INSTRUCTIONS TO FOLLOW
What needs reproducing is the run of lines in the data below starting at the line with "6541 - خدص: هاشم" and ending at the line with "The App contains", both ends included. Copy it exactly, without pictures, and add nothing.

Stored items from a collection
——————————
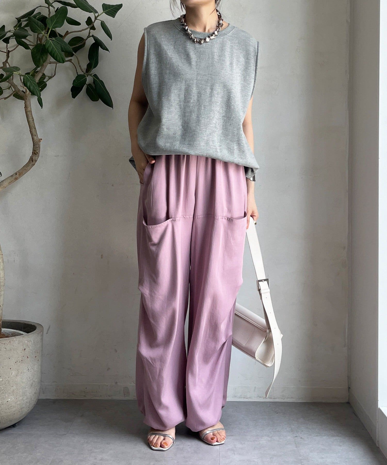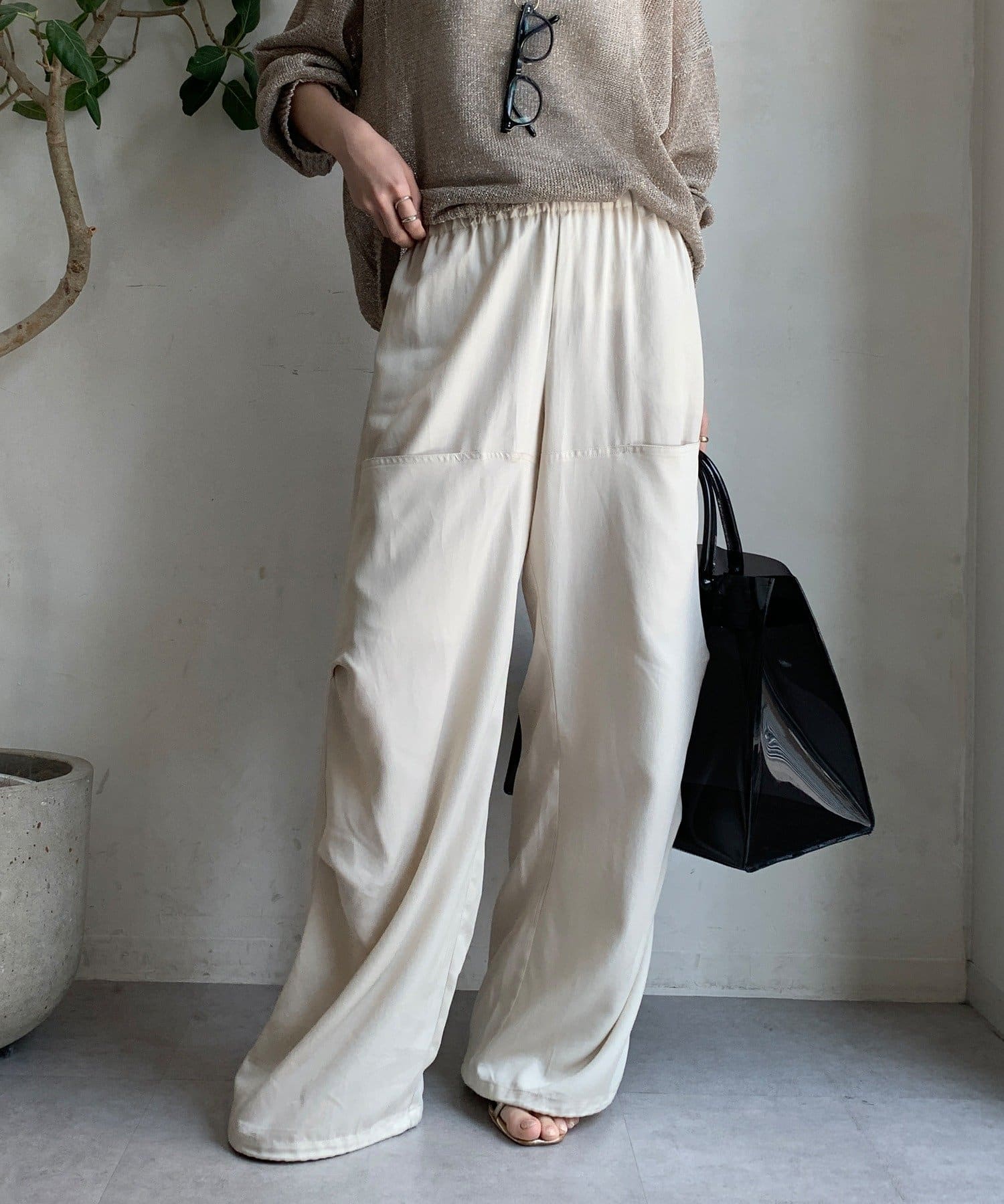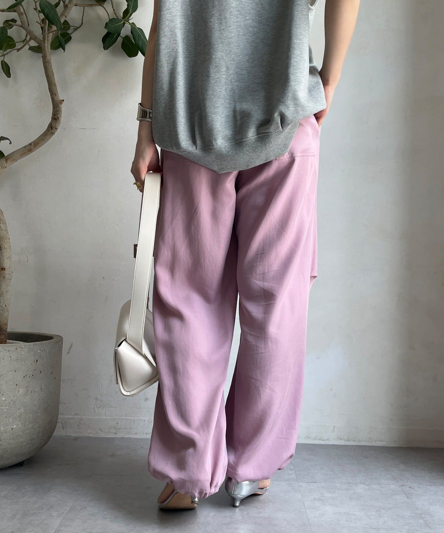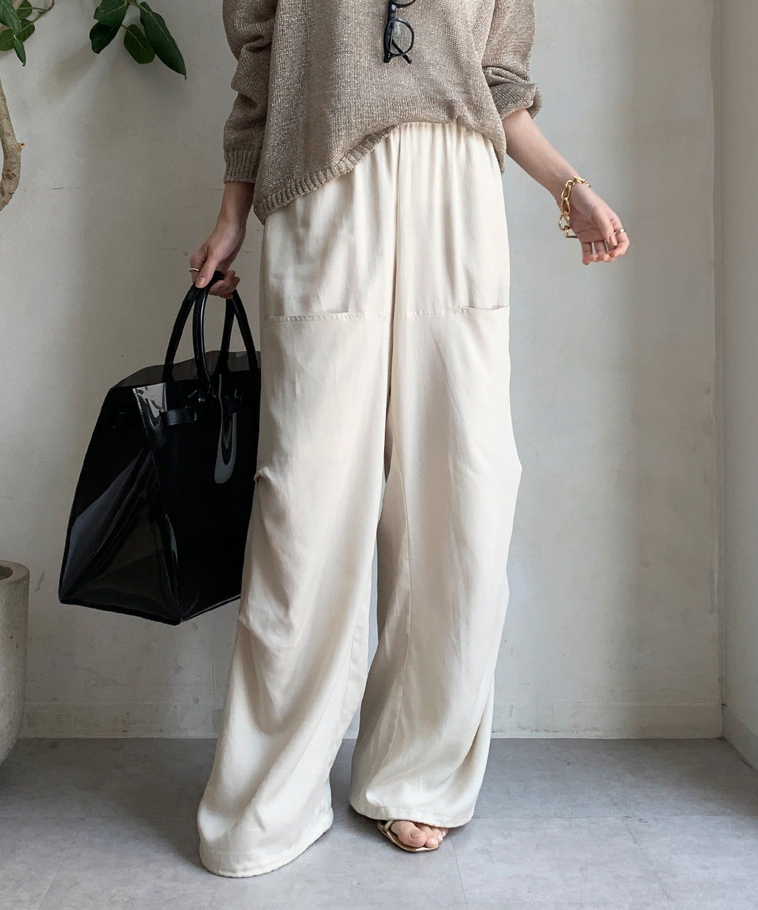 太すぎないストレートのようなシルエットに、サイドのポケットとタックがポイント。
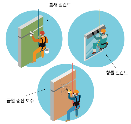 구축 건물의 경우 외부 코팅이 벗겨져 콘크리트가 드러날 수 있는데 적절한 시기에 코팅을 하지 않으면 외벽의 균열로 빗물이 흘러 들어갑니다. 이런 경우, 균열이 발생한 곳을 일부 깎아 내고 특수 실란트로 보수한 후 외벽을 페인트로 마감하는 과정을 거칩니다.
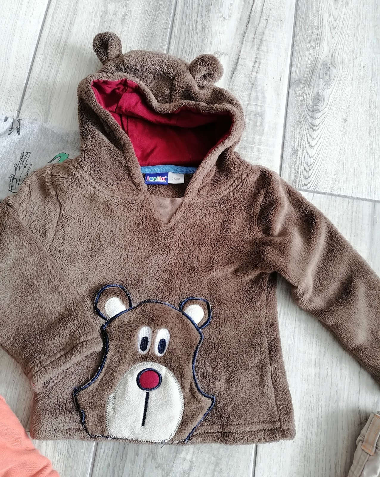 Hnedá mikinka veľmi pekná, tmavohnedé podšité nohavice tiež super stav.
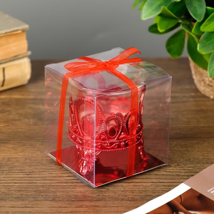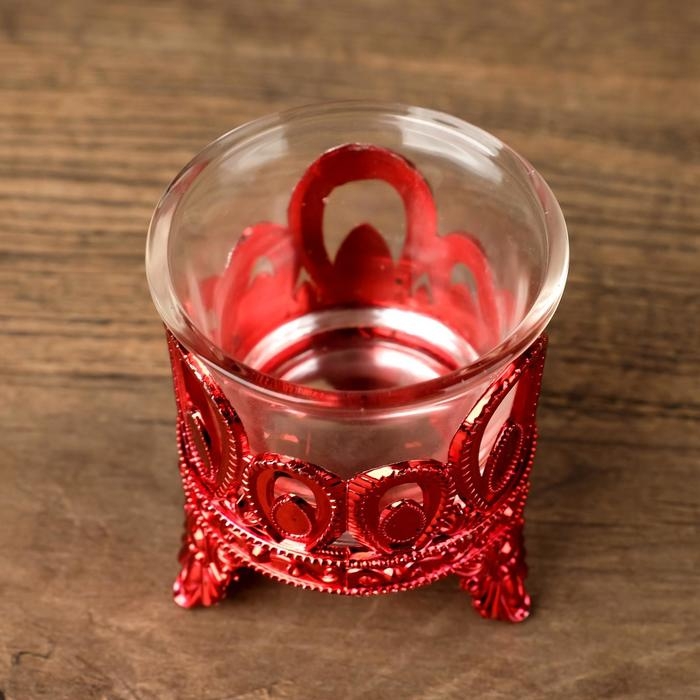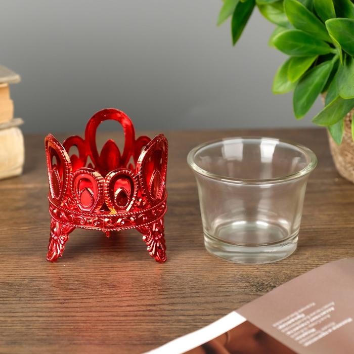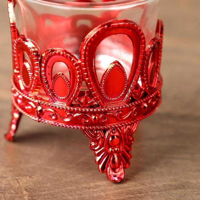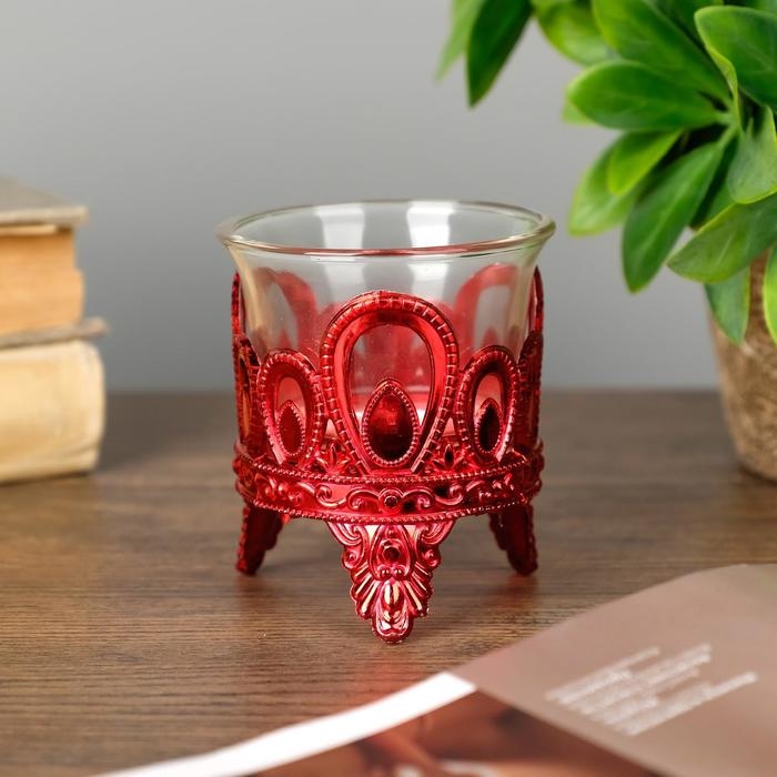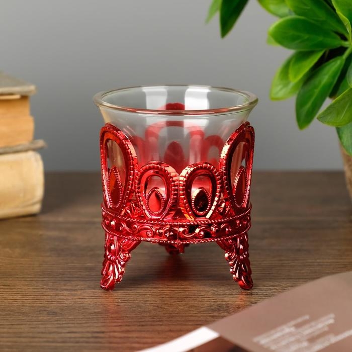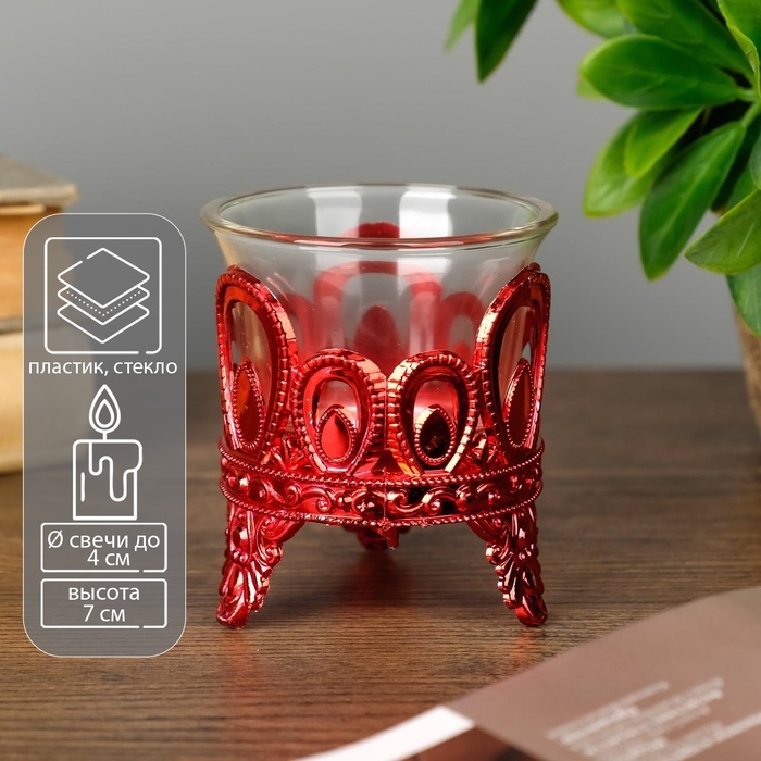 Подсвечник пластик, стекло на 1 свечу "Капельки" красный 7х6х6 см
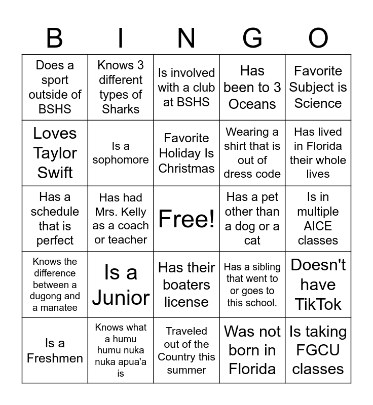 This bingo card has a free space and 29 words: Is a Freshmen, Is a Senior, Has had Mrs. Kelly as a coach or teacher, Does a sport at BSHS, Does a sport outside of BSHS, Is involved with a club at BSHS, Is a sophomore, Is a Junior, Has a pet other than a dog or a cat, Knows what a humu humu nuka nuka apua'a is, Is in multiple AICE classes, Is taking FGCU classes, Traveled out of the Country this summer, Was not born in Florida, Has lived in Florida their whole lives, Is Scuba Certified, Has their boaters license, Knows the difference between a dugong and a manatee, Favorite Subject is Science, Has a schedule that is perfect, Has a sibling that went to or goes to this school., Already has gotten in trouble for having their phone today, Wearing a shirt that is out of dress code, Loves Taylor Swift, Has been to 3 Oceans, Knows 3 different types of Sharks, Doesn't have TikTok, Favorite Holiday Is Christmas and Knows a good knock knock joke off of the top of their head (Yes you have to tell it).
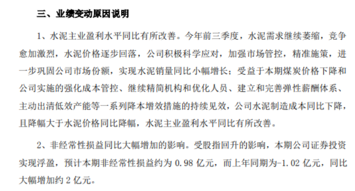 公司業(yè)績預(yù)增原因中提及受益于煤炭價格下降和公司實施的強化成本管控、繼續(xù)精簡機構(gòu)和優(yōu)化人員、建立和完善彈性薪酬體系、主動出清低效產(chǎn)能等一系列降本增效措施的持續(xù)見效,公司水泥制造成本同比下降,且降幅大于水泥價格同比降幅,水泥主業(yè)盈利水平同比有所改善。
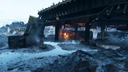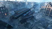 Train Wreck is found along the western edge of the main play area, close to the German deployment. The elevated train line cutting across that side of the map has been severed by the bombardment, derailing the burned out passenger carriages and scattering them across the adjacent roadway. A large bridged section of the track has collapsed in the middle of the capture zone, leaving an open area. Underneath the remaining structure to the north, fallen track parts and wrecked train cars form a closed off, tunnel-like zone in which there is little cover along its axis. Players can hide behind pillars, in the upturned burning carriages, or behind sandbag walls constructed underneath the bridge using Fortifications. On the north side is the only reachable section of upper platform as the line forms a sort of ramp, granting an elevated position against the surrounding lower ground.
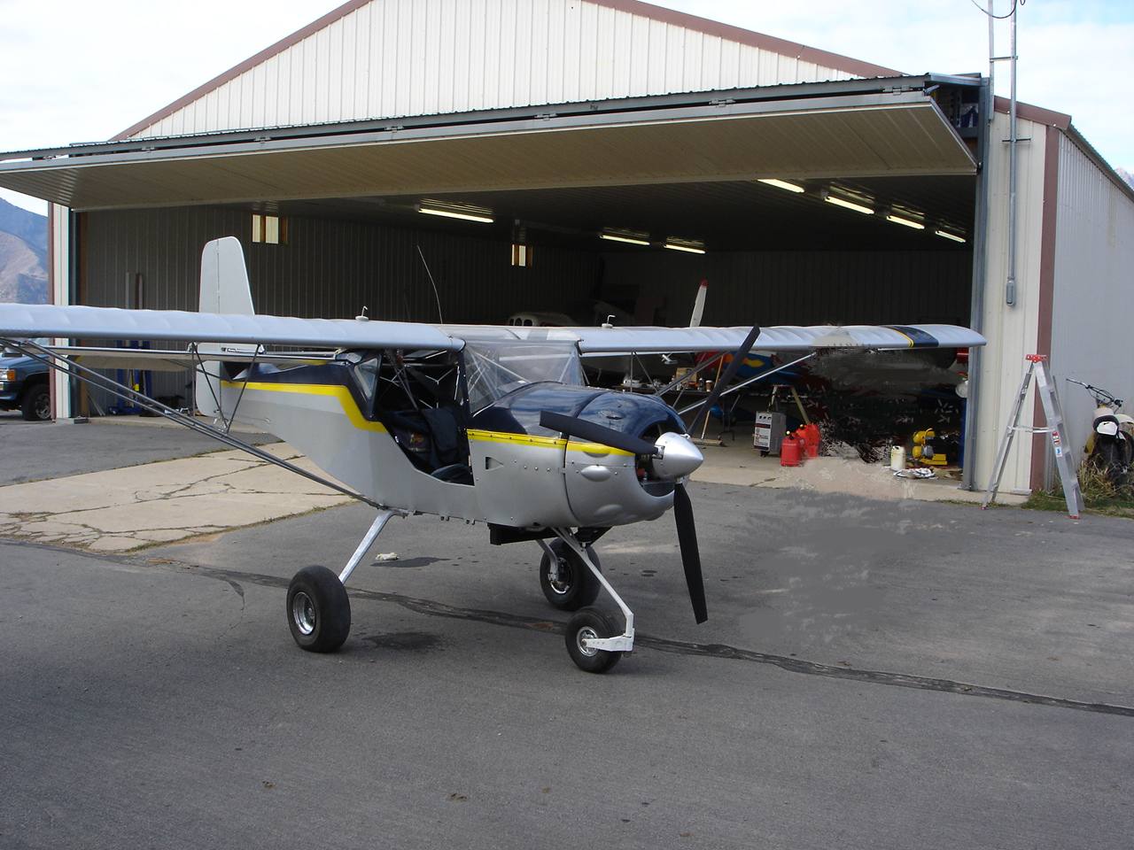 Today was the day. The snow has finally melted enough to get the hanger door open. The runway has been plowed (however there is still about 3 feet of snow on both sides). I took the brand new 85DD rebuilt Kitfox I-IV Nosewheel (I call it that because of all the model IV mods we have installed) and taxied for 0.8 hours. First slowly, then about 30 mph and then did several wheelies down the runway at about 40 to 55 mph [Shocked] . Did a few slight lift offs, keeping the plane just a few inches above the runway, then settled back to earth [Laughing] . She seems to have lots of power and [quote][b]
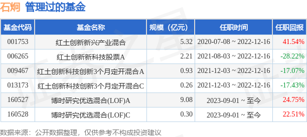 石炯先生:中国国籍,暨南大学金融学硕士,曾任中国中投证券机械行业研究员,东吴证券机械军工行业研究员,红土创新基金智能制造行业研究员,曾任红土创新新兴产业混合基金基金经理。2021年8月3日至2022年12月16日担任红土创新新科技股票型发起式证券投资基金基金经理。曾任红土创新科技创新3个月定期开放混合型证券投资基金基金经理。2023年9月1日起担任博时研究优选灵活配置混合型证券投资基金(LOF)基金经理。
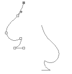この状態でアンカーポイントをクリックするとアンカーポイントが■に変り、この位置から再びパスを作成していけるようになります。ここでは新しいアンカーポイントを作るのではなく、右側のパスと結合します。
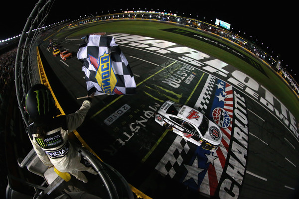 Kevin Harvick, the driver of the #4 Jimmy John’s Ford, takes the checkered flag to win the Monster Energy NASCAR Cup Series All-Star Race at Charlotte Motor Speedway on May 19, 2018, in Charlotte, North Carolina. Photo – Sean Gardner/Getty Images
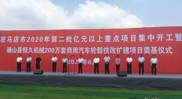 6月29日,駐馬店市2020年第二批重點項目集中開工,其中主會場開工項目的確山縣恒久機械200萬套商用汽車輪轂技改擴建項目,由駐馬店恒久機械制造有限公司投資15億元建設。
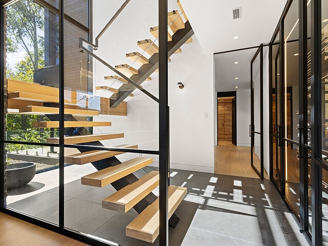 An impressive entrance hall with over 16-foot-high ceilings, oversized windows, and an illuminated staircase with glass railings.
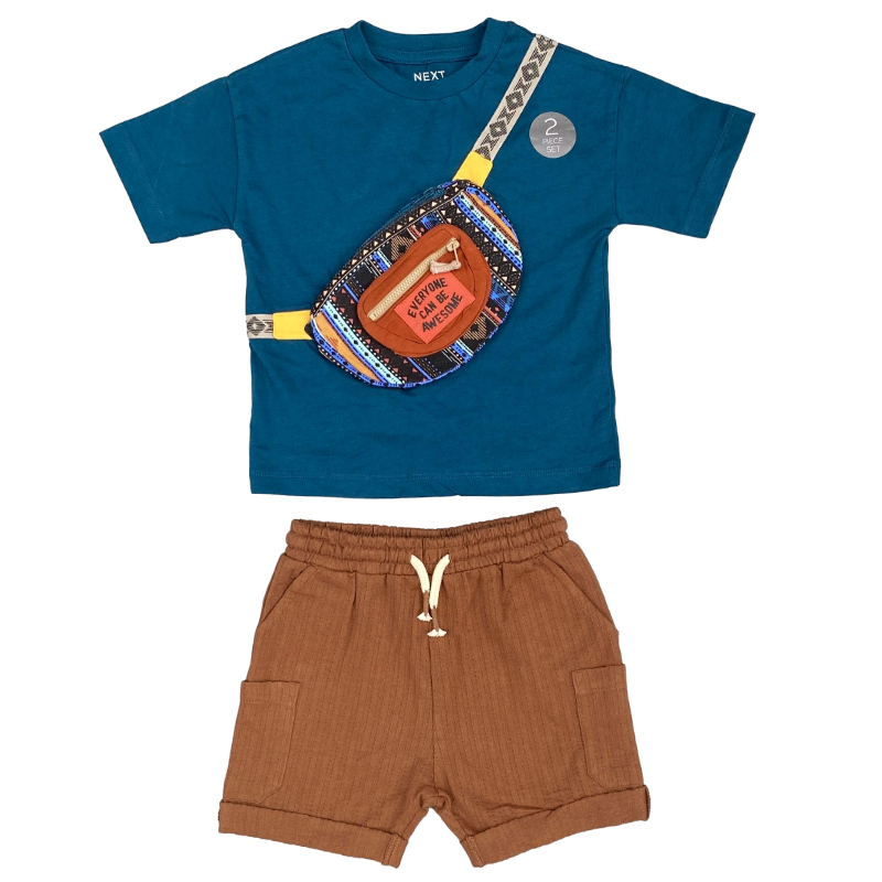 Blue short sleeve bumbag T-Shirt & Shorts Set
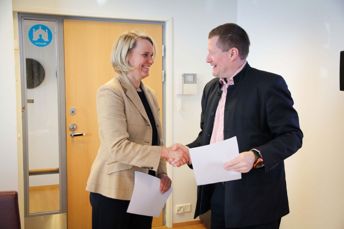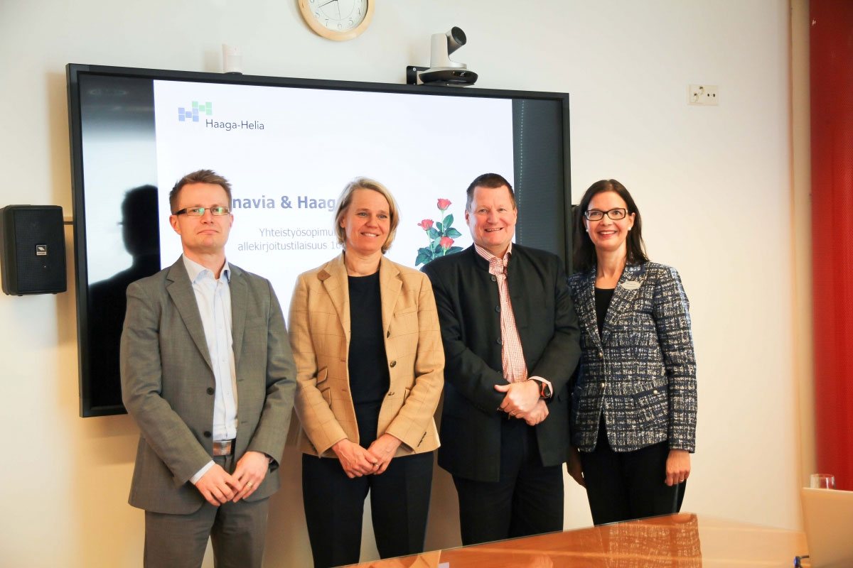 Finavia on valinnut Haaga-Heliasta kummiluokakseen matkailun liikkeenjohdon koulutusohjelman opiskelijat. Finavian HR Partner Sami Laine ja koulutusohjelman johtaja Minna Halmetoja ovat silmin nähden tyytyväisiä sopimuksen synnystä. ”Kummiluokkatoiminta tarjoaa Finavialle oppilaitosyhteistyöhön kaivatun jatkumon, jossa saman toimijan kanssa pystytään rakentamaan vahvempaa yhteistyötä ”, Laine hehkuttaa. Halmetoja on erityisen kiitollinen opiskelijoiden puolesta – onhan Haaga-Helian missio juuri avata ovet työelämään.
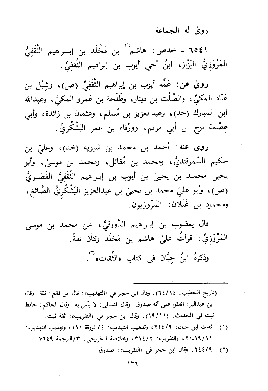 6541 - خدص: هاشم بْن مخلد بْن إِبْرَاهِيم الثقفي (1) المروزي البزاز، ابن أخي أيوب بن إبراهيم الثقفي.
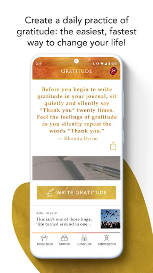The App contains some of Rhonda’s favourite Secret practices, such as: AFFIRMATIONS, a GRATITUDE practice, life-changing real-life STORIES, and a daily INSPIRATION feed.
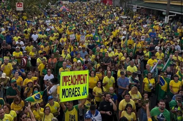 Apoiadores do ex-presidente Jair Bolsonaro (PL) realizaram uma manifestação neste domingo (3), na Praça 8 de Abril, região central de Cuiabá. O ato reuniu cerca de 4 mil pessoas, segundo a Polícia Militar, e fez parte de uma mobilização nacional com críticas ao Supremo Tribunal Federal (STF), defesa da anistia aos envolvidos nos ataques de 8 de janeiro e pedidos de saída do presidente Lula (PT).
——————————
TASK RESULT
 6541 - خدص: هاشم بْن مخلد بْن إِبْرَاهِيم الثقفي (1) المروزي البزاز، ابن أخي أيوب بن إبراهيم الثقفي.
The App contains some of Rhonda’s favourite Secret practices, such as: AFFIRMATIONS, a GRATITUDE practice, life-changing real-life STORIES, and a daily INSPIRATION feed.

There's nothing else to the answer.